За последним колком открылась пустая темнота, без очертаний, без границы. Я шел по высокой стерне скошенной пшеницы. Широкие следы от колес комбайнов обманывали, прикидываясь дорожками. Риска заблудиться не было. Русло бывшей реки отмечалось сплошной стеной тростника. И мне хватало конца Большой Медведицы на левой руке.

Днем от моего озера до первого колка путь казался не слишком далеким. Сегодня я порядочно устал, добравшись до дернистого берега перед камышами. Правее или левее мое озеро, я не знал. Так всегда случалось в темные ночи. Я свалил мешок у кучи мятой соломы и улегся, обняв ружье.

Первый свет я проспал. Утиная стая, которая винтом поднималась из-за камышей, указала место моего озера. К нему кто-то и когда-то пробил широкий проход. От твердого берега до открытой воды было добрых три сотни шагов по грязи и топи.

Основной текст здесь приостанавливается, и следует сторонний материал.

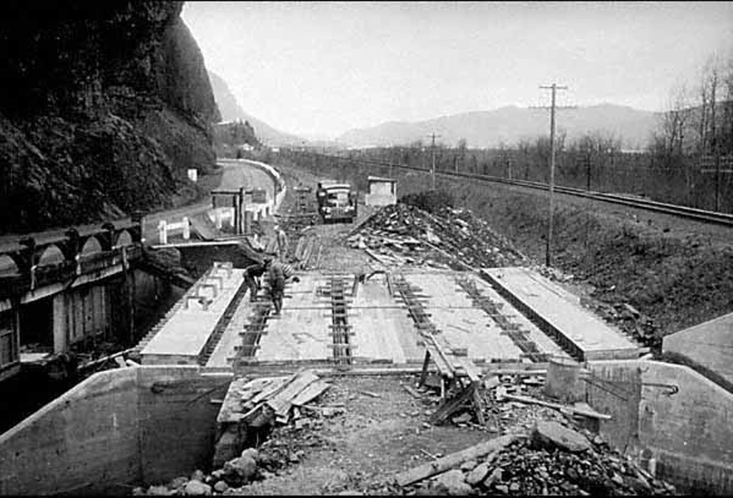 Oneonta Gorge bridge construction, Columbia River Highway, 1948.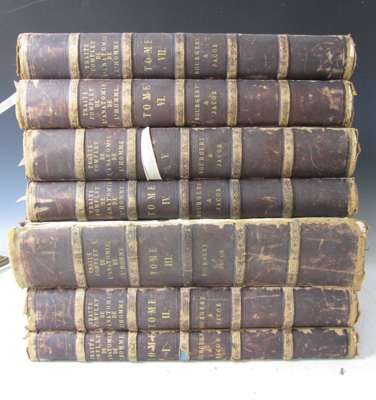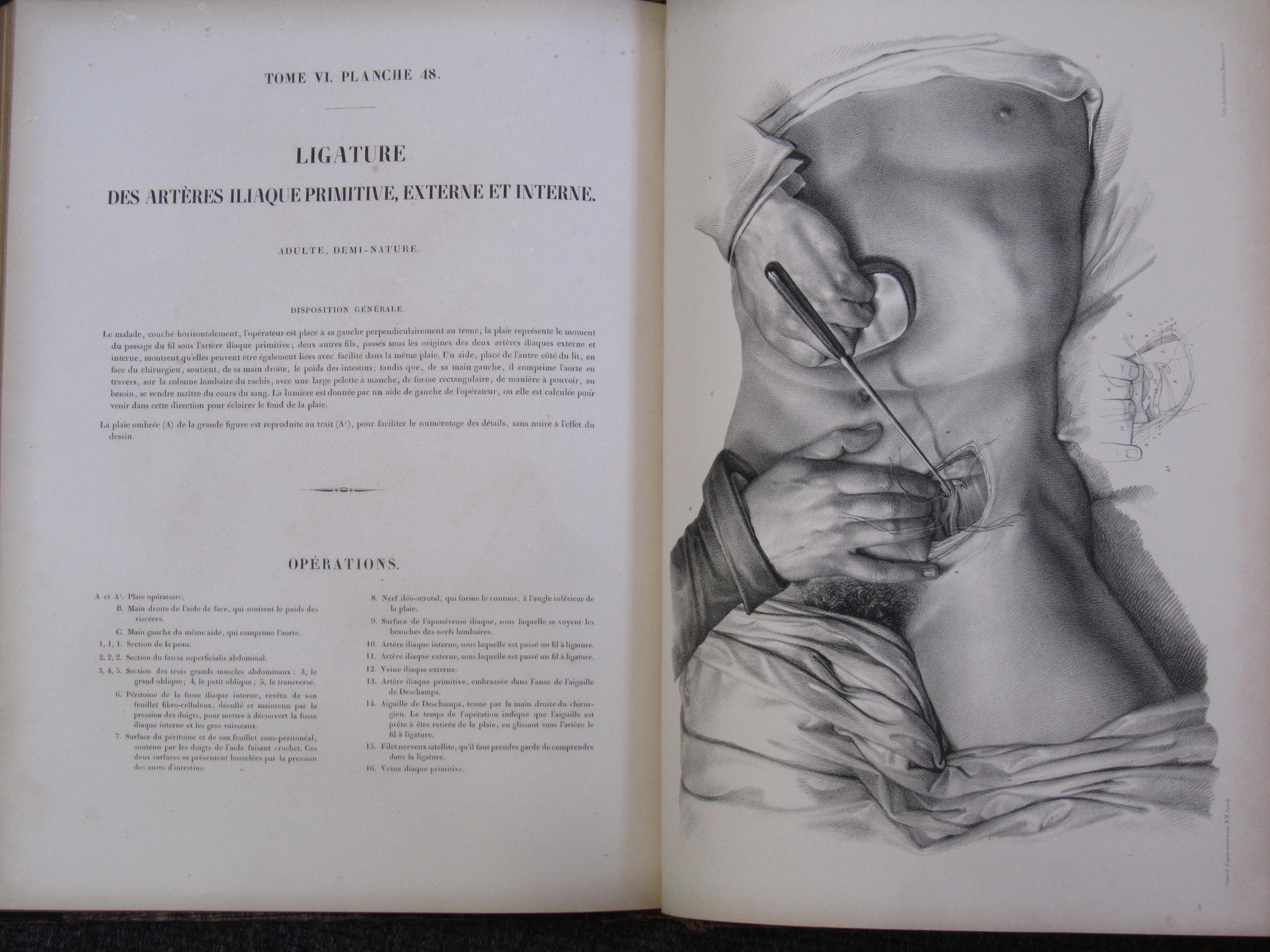 Traité complet de l'anatomie de l'homme. Paris: C.A. Delaunay, 1832 [lithographed title 1831] -1844. Volumes 1-7 (of 8), numerous lithographed plates, some folding, contemporary maroon half morocco, a few plates torn with slight loss, some spotting, volume 3 and 5 worn with covers detached

К добыче я не бывал жаден. Мне нравилось кормить глаза, как я тогда выражался. На моем озере было на что поглядеть. Малая жизнь, мелкая. Но она занимала меня целиком. В этот день, как обычно, я стрелял в меру, по выбору: им здесь хватало собственных драм.

Вспоминались волки. Волчья охота требует особой организации, компании. Я всегда и всему предпочитал бродить по вольным местам в неосознанных, вернее сказать, в само собой разумеющихся поисках неожиданного. Один человек шумит в десять раз меньше, чем двое, хотя бы потому, что он молчит. Мне приходилось видеть то, что открывается только осторожному одиночке. Но волка мне ни разу не довелось застать врасплох, подойти близко. В лесу он невидим. В открытой степи случалось, что умный осторожный зверь будто бы ждал меня. И отходил, не таясь, по мере моего приближения, оставаясь вне выстрела даже из карабина. Сверхбезопасный разрыв соблюдался безупречно — волки тоже перестраховщики. Кончались такие встречи всегда одинаково. Волку, как видно, приедалось мое докучливое присутствие, и он исчезал. Не убегал, а именно исчезал: только что был — и нет его! Я брал место глазами, выходил на него и примерялся: куда же сумел скрыться рослый зверь? Ни ложбинки, ни впадинки, трава низкая… Волк с нашей агрессивностью был бы неотразимым противником. Этой ночью я заметил волков в силу редкого сочетания обстоятельств: я сидел очень низко и лицом именно туда, где рассеянный свет звезд мог отразиться в волчьих глазах.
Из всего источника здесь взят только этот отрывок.